- [The task] Write out exactly the lines below starting at the one containing "Select the Route" and ending at the one containing "- Діаметр душового диска: 220 мм". Omit every picture.

- [Raw data]
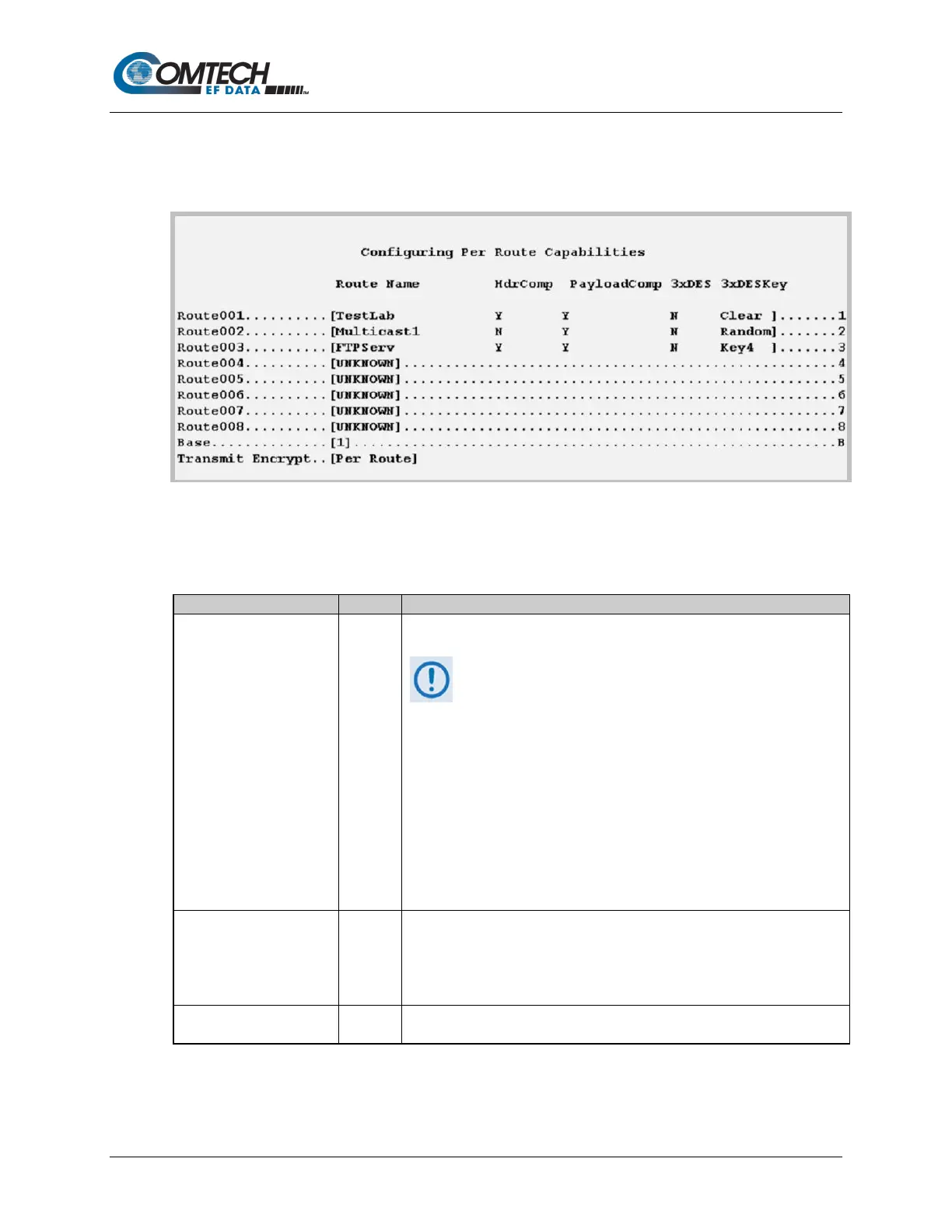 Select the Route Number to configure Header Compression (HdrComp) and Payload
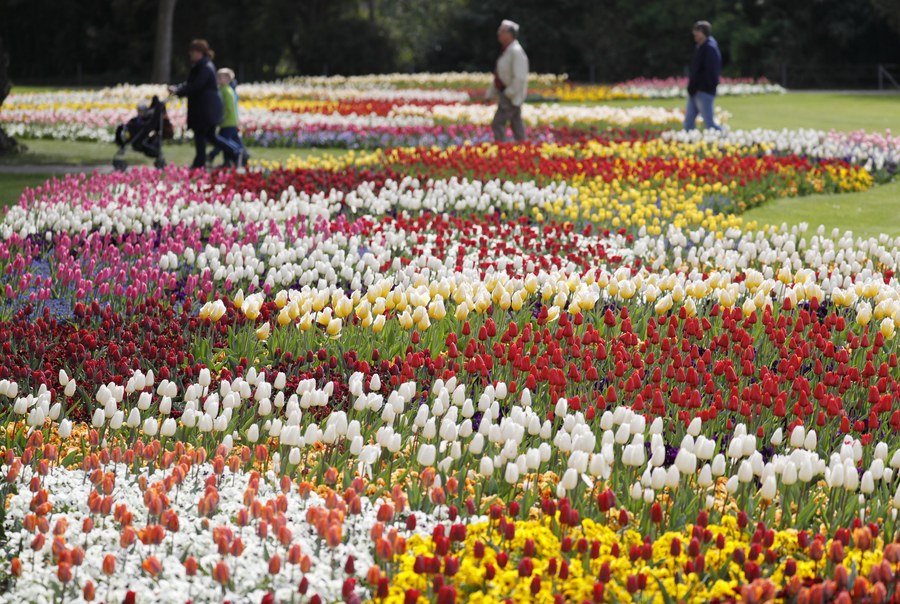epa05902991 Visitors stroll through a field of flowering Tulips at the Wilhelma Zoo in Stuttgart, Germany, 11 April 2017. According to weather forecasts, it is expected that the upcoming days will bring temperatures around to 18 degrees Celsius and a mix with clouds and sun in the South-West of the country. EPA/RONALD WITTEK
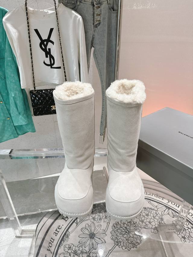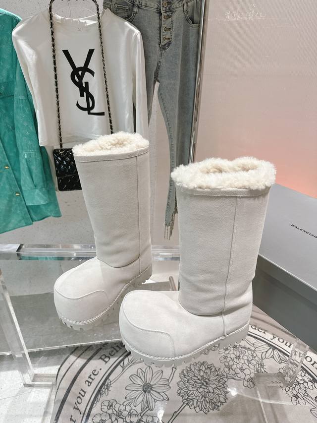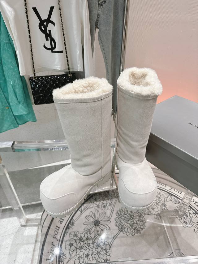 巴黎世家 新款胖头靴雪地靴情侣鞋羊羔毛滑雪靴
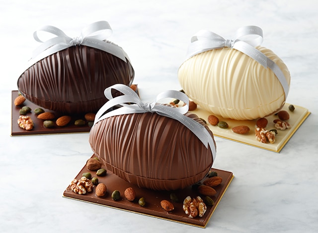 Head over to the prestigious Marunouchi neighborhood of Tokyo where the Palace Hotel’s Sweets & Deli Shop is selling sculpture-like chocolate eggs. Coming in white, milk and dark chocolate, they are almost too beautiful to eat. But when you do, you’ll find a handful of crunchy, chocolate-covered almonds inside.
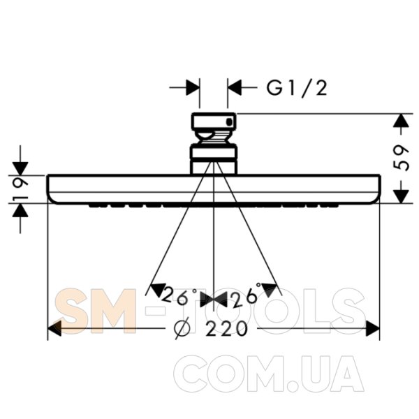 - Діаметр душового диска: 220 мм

==

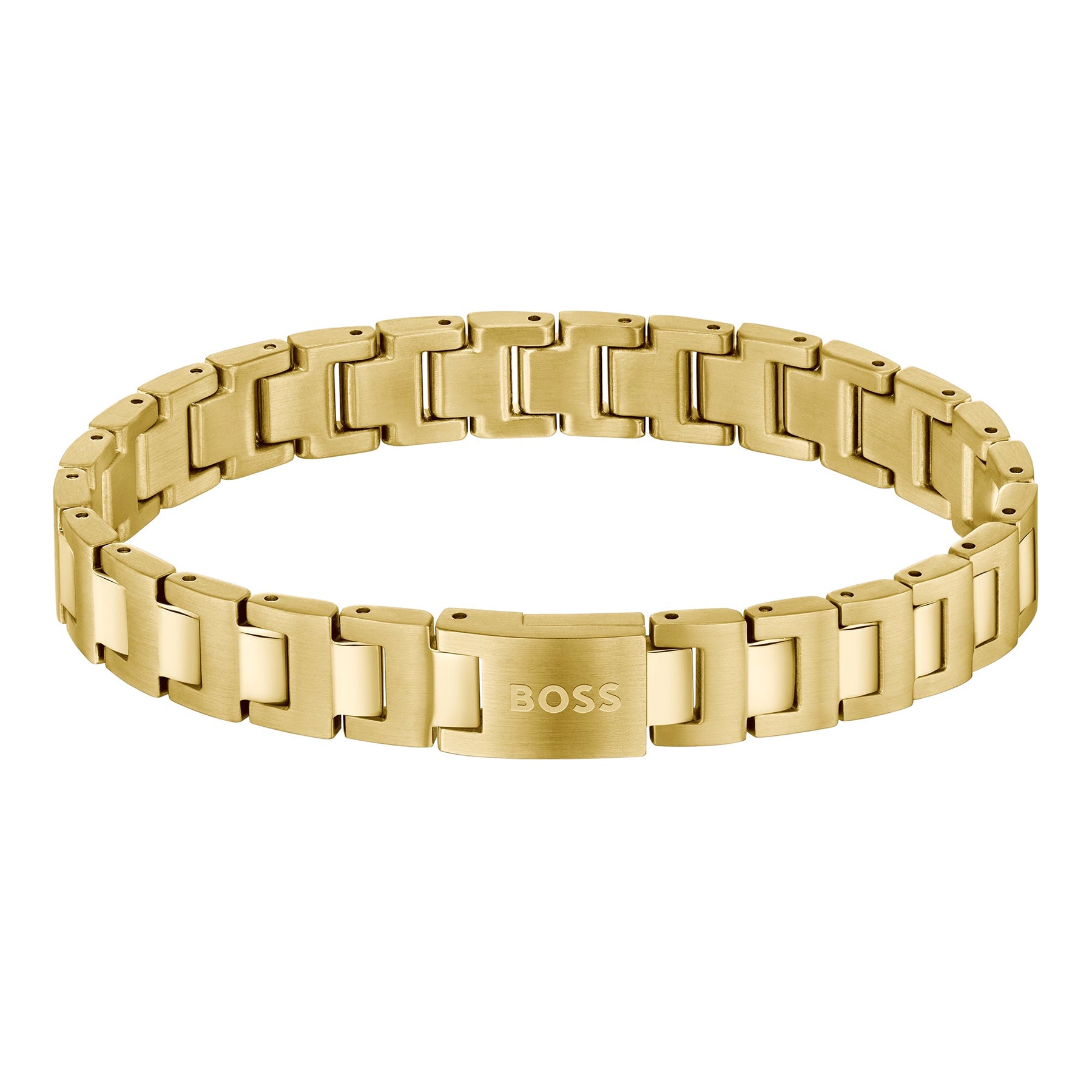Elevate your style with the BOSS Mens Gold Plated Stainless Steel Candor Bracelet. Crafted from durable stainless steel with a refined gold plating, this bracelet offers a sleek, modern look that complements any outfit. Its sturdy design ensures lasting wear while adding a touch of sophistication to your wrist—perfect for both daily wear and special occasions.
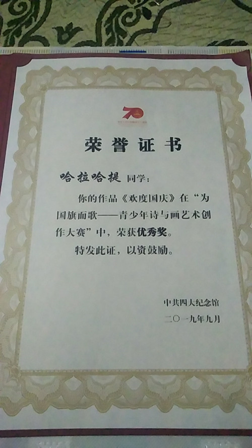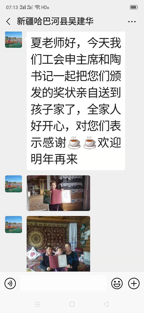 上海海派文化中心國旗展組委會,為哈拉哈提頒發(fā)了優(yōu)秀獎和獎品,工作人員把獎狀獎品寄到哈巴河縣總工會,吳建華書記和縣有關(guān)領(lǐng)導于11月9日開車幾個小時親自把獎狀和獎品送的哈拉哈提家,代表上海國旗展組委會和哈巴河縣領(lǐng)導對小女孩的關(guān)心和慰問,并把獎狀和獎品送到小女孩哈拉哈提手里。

- [Task solution]
 Select the Route Number to configure Header Compression (HdrComp) and Payload
epa05902991 Visitors stroll through a field of flowering Tulips at the Wilhelma Zoo in Stuttgart, Germany, 11 April 2017. According to weather forecasts, it is expected that the upcoming days will bring temperatures around to 18 degrees Celsius and a mix with clouds and sun in the South-West of the country. EPA/RONALD WITTEK
 巴黎世家 新款胖头靴雪地靴情侣鞋羊羔毛滑雪靴
 Head over to the prestigious Marunouchi neighborhood of Tokyo where the Palace Hotel’s Sweets & Deli Shop is selling sculpture-like chocolate eggs. Coming in white, milk and dark chocolate, they are almost too beautiful to eat. But when you do, you’ll find a handful of crunchy, chocolate-covered almonds inside.
 - Діаметр душового диска: 220 мм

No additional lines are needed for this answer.